The corruption tendrils had breached the outer barrier in three places, but they weren't advancing further. Teachers formed defensive lines, coordinating their magic in practiced patterns. Fire spells burned back the corruption, earth magic reinforced weak points, and barriers compartmentalized the breaches.
"Secondary barrier holding!" someone called out.
"Keep rotation tight! Don't let anyone drain their reserves!"
The defenders were managing, but it was a strain. The corruption wasn't behaving like a mindless force. Every time they burned it back, it adapted. When they used fire, it spread wider and thinner to avoid the heat. When they reinforced with earth magic, it concentrated into denser spikes trying to pierce through.
Whoever was controlling this understood defensive magic theory.
"It's learning our patterns," one professor muttered, sweat beading on her forehead as she maintained a barrier. The corruption pressed against it, not trying to break through by force but testing different angles, searching for fluctuations in her mana flow.

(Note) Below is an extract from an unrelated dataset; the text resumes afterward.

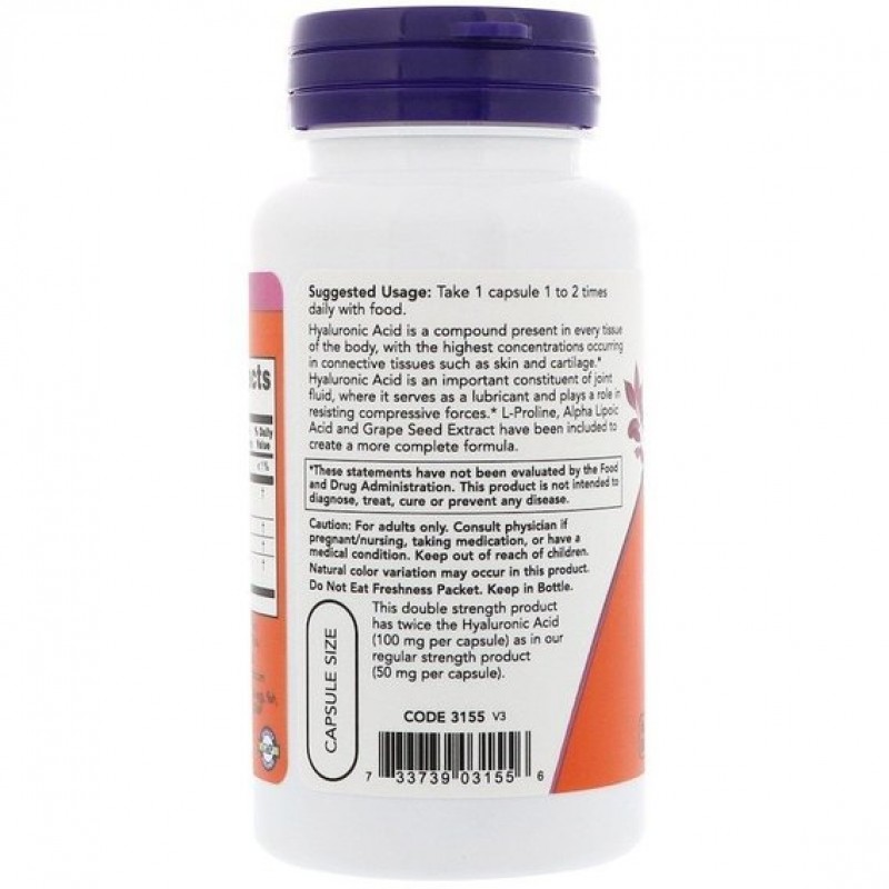 Этот продукт двойной прочности имеет дважды гиалуроновую кислоту (100 мг на капсулу), как в нашем обычном прочном продукте (50 мг на капсулу).

"Don't let it touch you directly!" another voice warned. "It devours mana on contact!"
A younger teacher had gotten too close. The corruption had latched onto his barrier, and within seconds the magical construct was dissolving, being consumed and converted. He stumbled back, another mage stepping in to cover the gap.
"Where the hell is Emberheart when you need him?" someone asked, frustration clear in their voice. "This would be so much easier with proper fire support."
But Emberheart wasn't at the walls. He was exactly where he needed to be, maintaining the frozen seal on a different threat entirely.
The defenders were competent, coordinated, holding their ground.
But they couldn't push forward. Couldn't reclaim what had been breached. And slowly, methodically, the corruption was learning.
The academy was under siege, and the real battle was only just beginning.